After the fire, Liu was certain the damning video clip would swiftly find its way onto the Internet. Of course, Beijing would denounce the clip as a hoax, but the damage would be done. Still, the underground Catholics he’d interrogated were consistent in their belief that for the deaths of the five hundred martyrs to have any meaning, the world must first learn of the tragedy from the Vatican.

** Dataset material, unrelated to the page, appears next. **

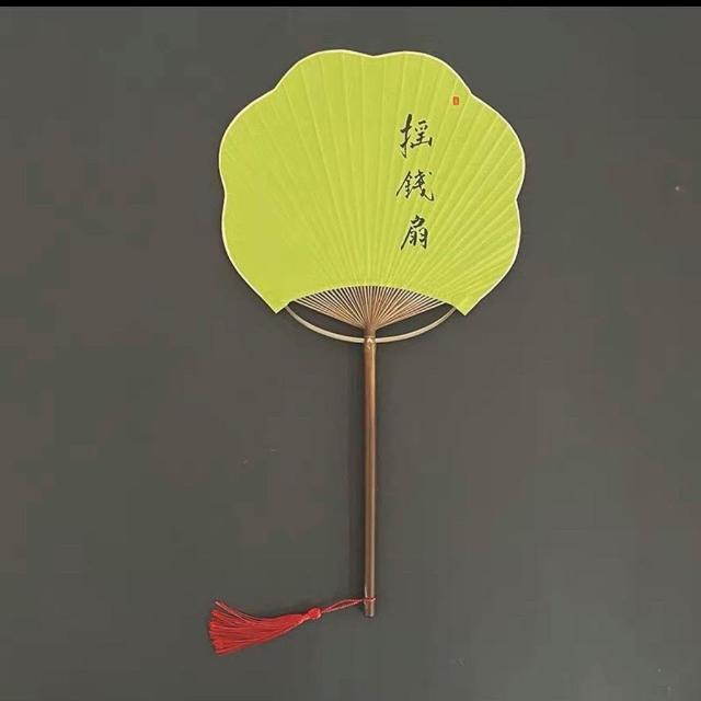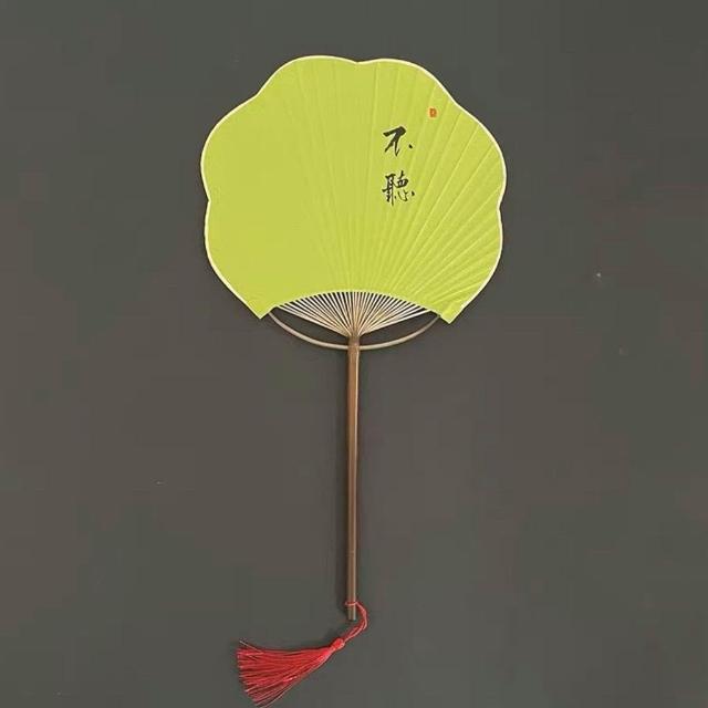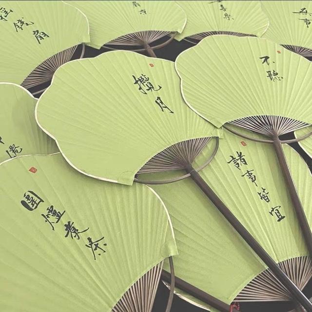 綠色清新紫竹團扇海棠手寫定製國風旗袍漢服拍照道具文藝書法扇子

Their strategy of keeping the video clip off the Internet initially served to protect the small group of conspirators, but it also provided Liu with the time he needed to conduct his search and for Beijing to take counter-measures. In addition to establishing a massive data filtering program that all but slowed China’s domestic Internet traffic to a halt, the elite hackers working for the Ministry of State Security mounted a denial of service attack against the Vatican that forced the Holy See offline.
Deprived of the instantaneous connectivity of the Internet, the conspirators had only two options. The first was simply to mail a disk to the Vatican, but in an era when packages from unknown senders and data files of unknown provenance were treated with grave suspicion, there was high probability the Vatican would discard the disk upon receipt. The other option was the oldest in the history of espionage: a courier.
A pair of swarthy Italian men filled the front bucket seats of the Alfa — men employed by one of China’s main partners in the lucrative trade in arms and heroin. Their associates held strategic positions in and around the hotel and near all the entry points to Vatican City. In the rear seat of the sedan beside Liu sat a stone-faced man named Chin. Chin was a trusted intermediary between the Chinese government and the Italian mafia, and his fluency in both languages provided clear and accurate communication between Liu and the Italians.